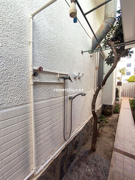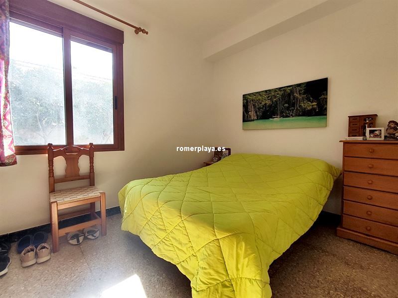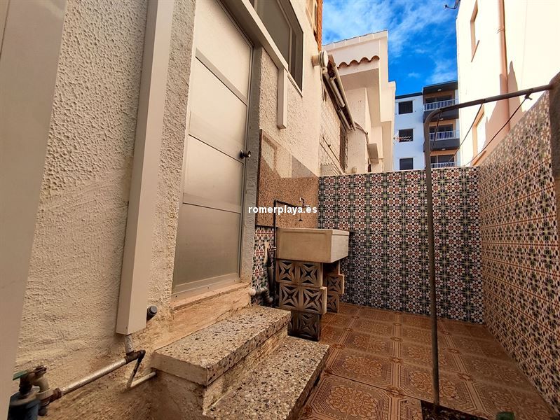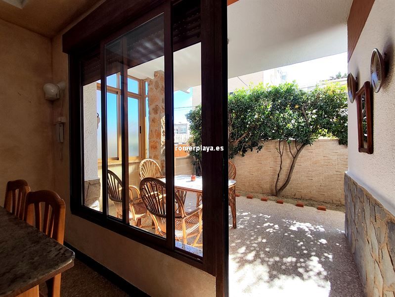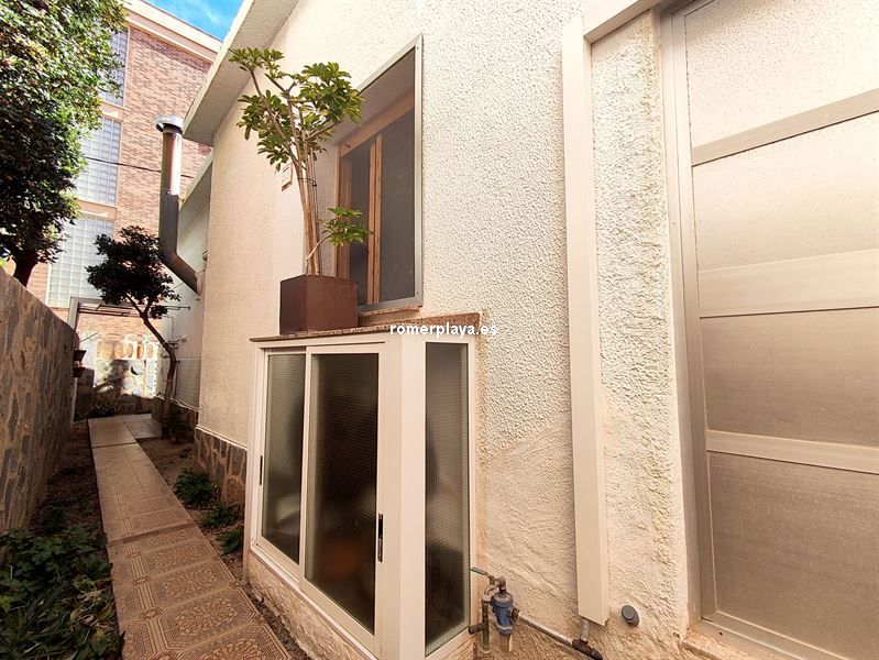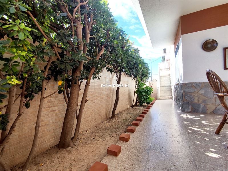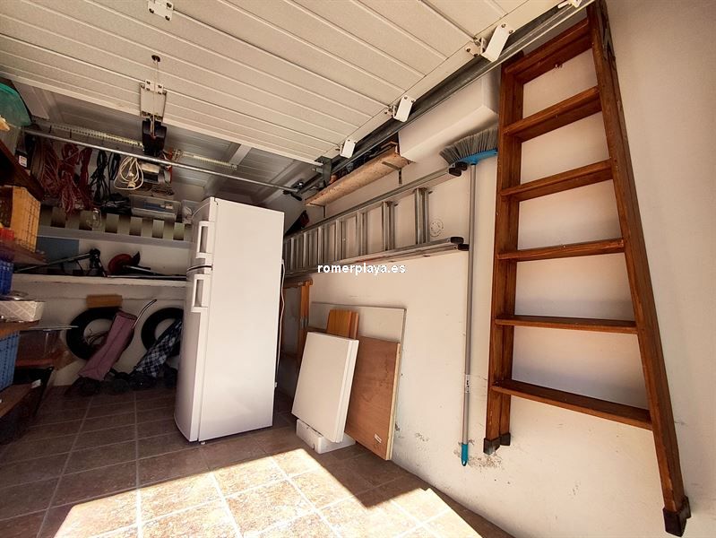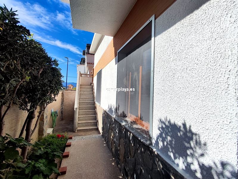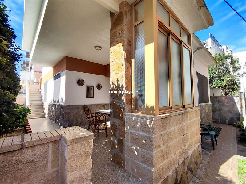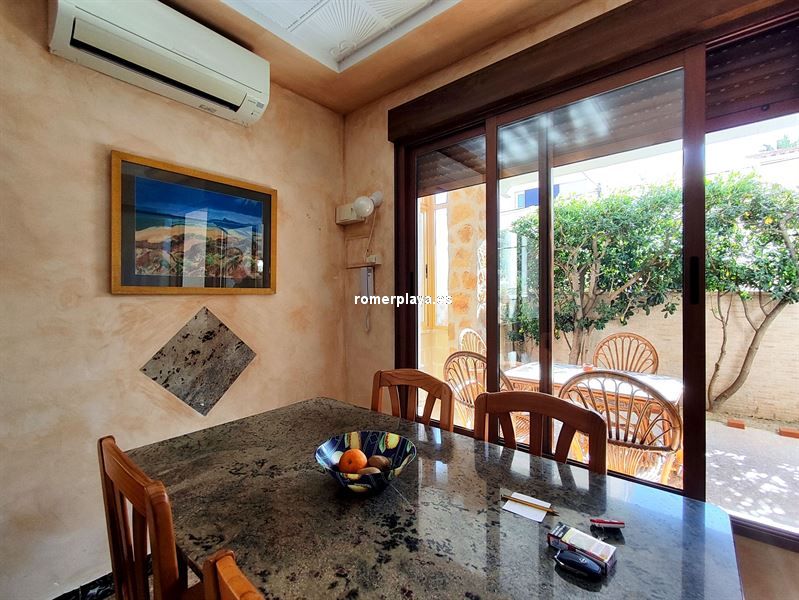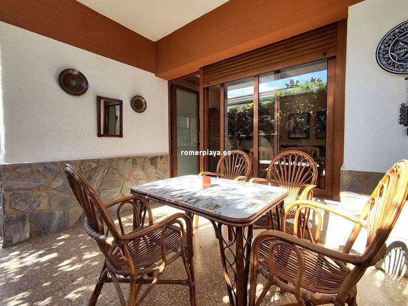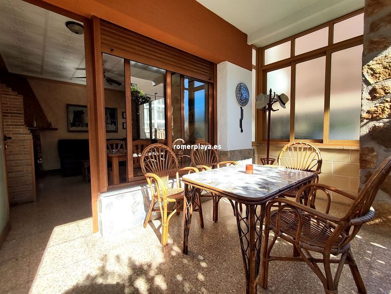 Beautiful and bright semi-detached villa built with high-quality materials, located on Piles beach just 50 metres from the Mediterranean Sea. Single-storey property, 104 square metres built on a 151 m2 plot. At the main entrance there is an outdoor terrace sheltered from the wind and sun. Next, we enter a spacious living-dining room with a fireplace and air conditioning, a separate fitted kitchen with a utility room, a toilet and access to the outdoor barbecue area. Three double bedrooms with wardrobes and a bathroom with a shower tray. Outside there is a staircase leading to the terrace with a storage room. The house is surrounded by plants and has an outdoor area with a shower. Individual closed garage with automatic door. Double glazed windows. The property is sold with furniture and appliances. Year of construction 1970. Distance to the sea only 50 metres.
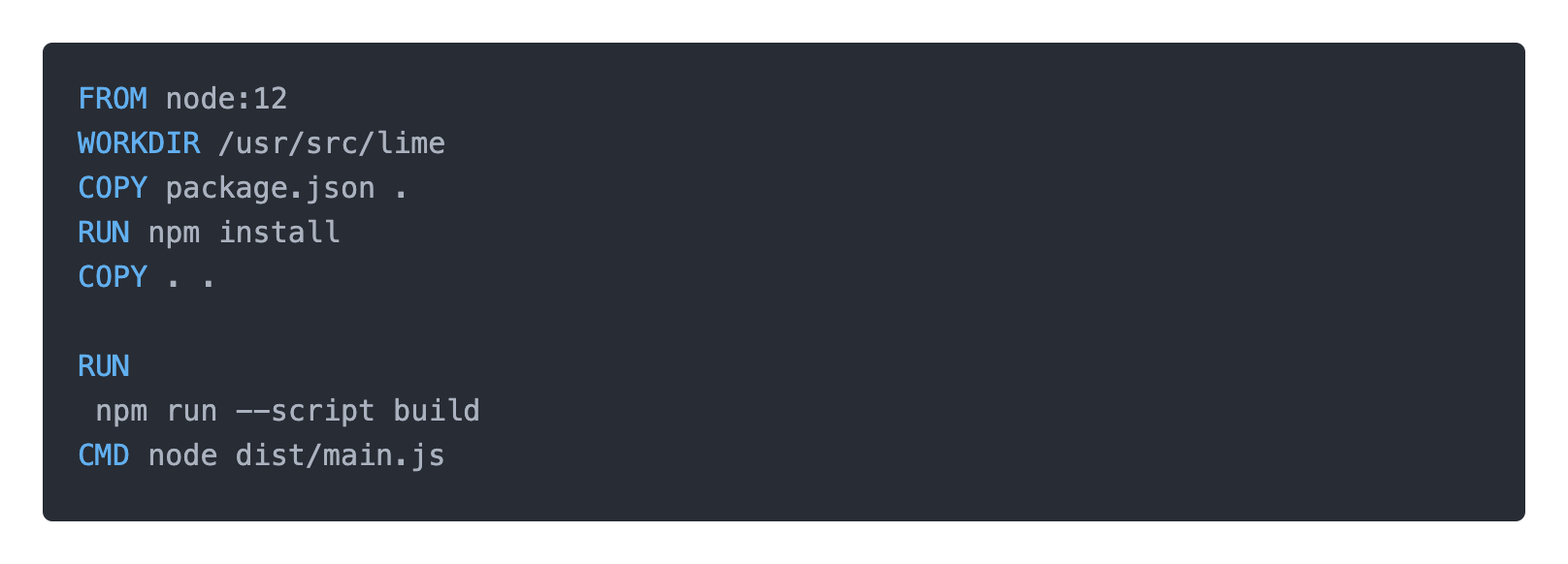 Dockerfile은 NestJS앱을 빌드한 후 컨테이너가 실행되었을 때 dist/main.js 파일을 실행합니다.
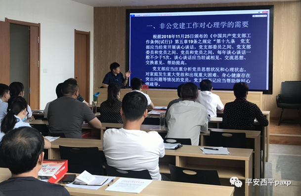 郇院長(zhǎng)以“非公企業(yè)黨建工作中的心理學(xué)應(yīng)用”為主題,通過(guò)理論講解、剖析典型個(gè)案,深入淺出地介紹了為什么非公企業(yè)黨建工作需要心理學(xué)、當(dāng)前的研究及應(yīng)用以及如何進(jìn)行心理評(píng)估和疏導(dǎo),幫助非公企業(yè)黨員應(yīng)對(duì)壓力,科學(xué)調(diào)適心理,為其有效化解壓力、塑造陽(yáng)光心態(tài)開(kāi)出多劑良方。
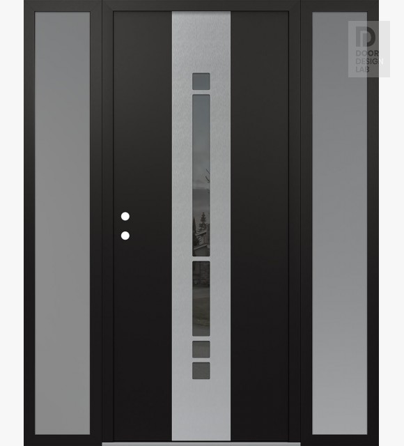 Modern Steel Front Door DIAMOND A3 68" X 80" BLACK/BLACK MIRRORED GLASS PANEL STAINLESS STEEL LHI WITH 2 SIDELITES FROSTED GLASS
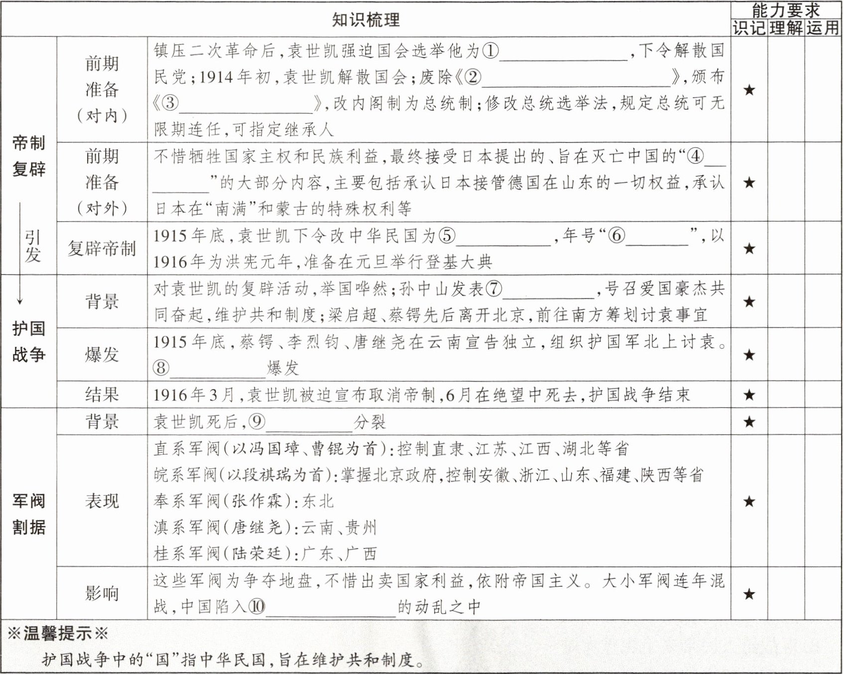 | |复辟帝制|1915年底,袁世凯下令改中华民国为⑤______,年号“⑥______”,以1916年为洪宪元年,准备在元旦举行登基大典|★| | |
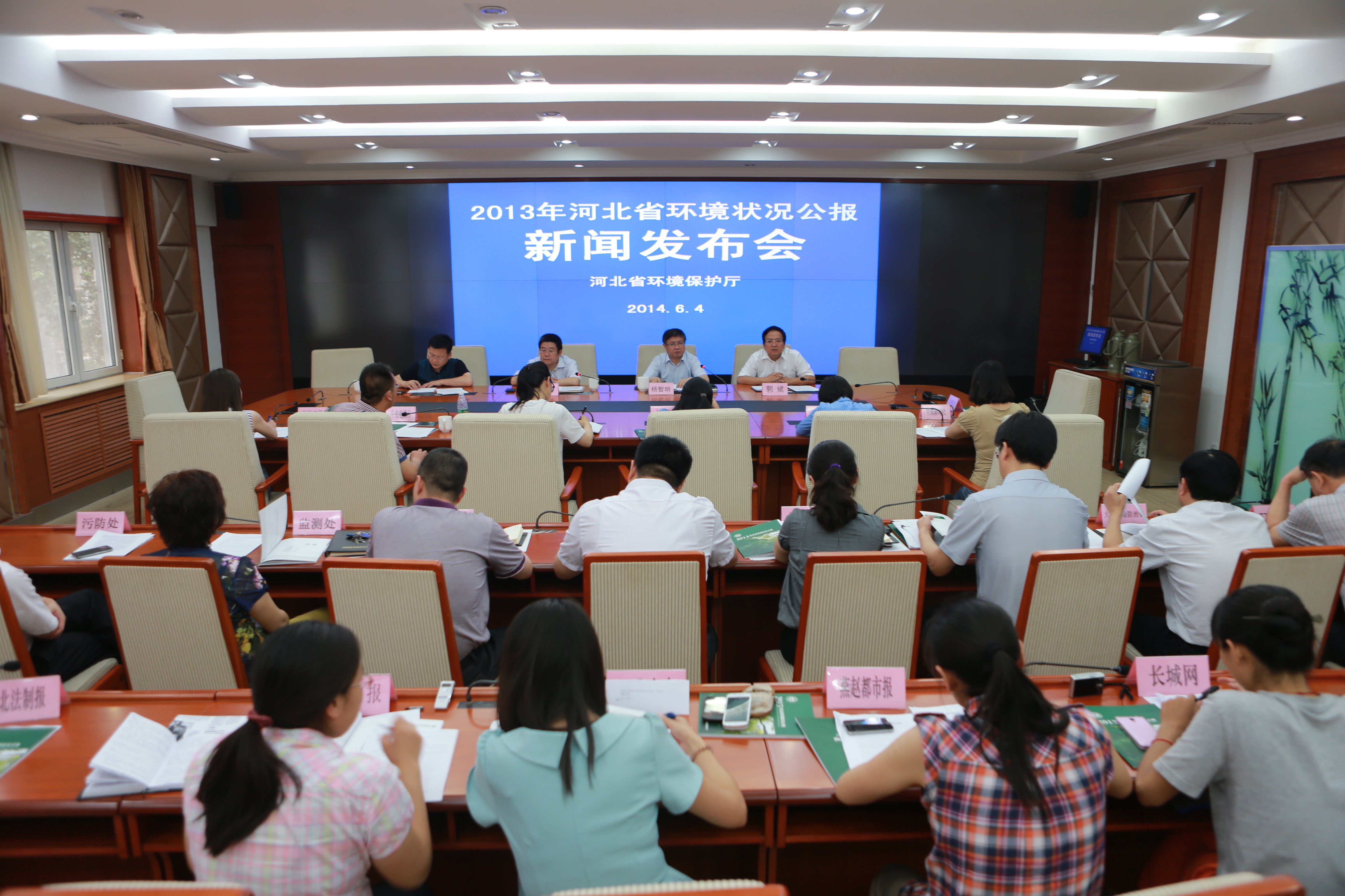 6月4日下午,省环保厅在机关新闻发布中心召开新闻发布会,发布2013年河北省环境状况公报。会上省环保厅副厅长、新闻发言人杨智明致发布词并就相关问题答记者问。本次发布会特别邀请了省气象局首席气象服务专家郭迎春、河北科技大学教授郭斌作为专家出席发布会并就相关问题回答记者提问。发布会由宣教中心主任潘井泉主持。 《公报》显示2013年全省污染减排工作取得了新进展,化学需氧量、氨氮、二氧化硫和氮氧化物的排放量与2012年相比,分别削减了2.90%、3.51%、4.20%和6.17%,均完成了年初的既定目标。 杨智明表示,2013年,全省把环境保护作为保障和改善民生的一项重要任务,加大环境治理和生态保护工作力度、投资力度、政策力度,以解决损害群众健康突出环境问题为重点,坚持预防为主、综合治理,强化水、大气、土壤等污染防治,着力推进重点流域和区域水污染防治,着力推进重点行业和重点区域大气污染治理。据统计,全省设区城市空气优良天数平均为129天;全省七大水系Ⅲ类和好于Ⅲ类水质的断面比例达48.57%,主要污染物氨氮平均浓度比上年升高20.25%,化学需氧量平均浓度比上年降低8.22%;水库水质良好,近岸海域水质基本保持良好;声环境质量总体为较好。 人民日报河北分社、新华社河北分社、河北日报、河北人民广播电台、燕赵都市报、长城网等多家中央驻冀媒体及省内主要媒体参加了发布会。

* * *

* ACTIVITY
Print the listing verbatim; no pictures.

* SOLUTION BELOW
 Beautiful and bright semi-detached villa built with high-quality materials, located on Piles beach just 50 metres from the Mediterranean Sea. Single-storey property, 104 square metres built on a 151 m2 plot. At the main entrance there is an outdoor terrace sheltered from the wind and sun. Next, we enter a spacious living-dining room with a fireplace and air conditioning, a separate fitted kitchen with a utility room, a toilet and access to the outdoor barbecue area. Three double bedrooms with wardrobes and a bathroom with a shower tray. Outside there is a staircase leading to the terrace with a storage room. The house is surrounded by plants and has an outdoor area with a shower. Individual closed garage with automatic door. Double glazed windows. The property is sold with furniture and appliances. Year of construction 1970. Distance to the sea only 50 metres.
 Dockerfile은 NestJS앱을 빌드한 후 컨테이너가 실행되었을 때 dist/main.js 파일을 실행합니다.
 郇院長(zhǎng)以“非公企業(yè)黨建工作中的心理學(xué)應(yīng)用”為主題,通過(guò)理論講解、剖析典型個(gè)案,深入淺出地介紹了為什么非公企業(yè)黨建工作需要心理學(xué)、當(dāng)前的研究及應(yīng)用以及如何進(jìn)行心理評(píng)估和疏導(dǎo),幫助非公企業(yè)黨員應(yīng)對(duì)壓力,科學(xué)調(diào)適心理,為其有效化解壓力、塑造陽(yáng)光心態(tài)開(kāi)出多劑良方。
 Modern Steel Front Door DIAMOND A3 68" X 80" BLACK/BLACK MIRRORED GLASS PANEL STAINLESS STEEL LHI WITH 2 SIDELITES FROSTED GLASS
 | |复辟帝制|1915年底,袁世凯下令改中华民国为⑤______,年号“⑥______”,以1916年为洪宪元年,准备在元旦举行登基大典|★| | |
 6月4日下午,省环保厅在机关新闻发布中心召开新闻发布会,发布2013年河北省环境状况公报。会上省环保厅副厅长、新闻发言人杨智明致发布词并就相关问题答记者问。本次发布会特别邀请了省气象局首席气象服务专家郭迎春、河北科技大学教授郭斌作为专家出席发布会并就相关问题回答记者提问。发布会由宣教中心主任潘井泉主持。 《公报》显示2013年全省污染减排工作取得了新进展,化学需氧量、氨氮、二氧化硫和氮氧化物的排放量与2012年相比,分别削减了2.90%、3.51%、4.20%和6.17%,均完成了年初的既定目标。 杨智明表示,2013年,全省把环境保护作为保障和改善民生的一项重要任务,加大环境治理和生态保护工作力度、投资力度、政策力度,以解决损害群众健康突出环境问题为重点,坚持预防为主、综合治理,强化水、大气、土壤等污染防治,着力推进重点流域和区域水污染防治,着力推进重点行业和重点区域大气污染治理。据统计,全省设区城市空气优良天数平均为129天;全省七大水系Ⅲ类和好于Ⅲ类水质的断面比例达48.57%,主要污染物氨氮平均浓度比上年升高20.25%,化学需氧量平均浓度比上年降低8.22%;水库水质良好,近岸海域水质基本保持良好;声环境质量总体为较好。 人民日报河北分社、新华社河北分社、河北日报、河北人民广播电台、燕赵都市报、长城网等多家中央驻冀媒体及省内主要媒体参加了发布会。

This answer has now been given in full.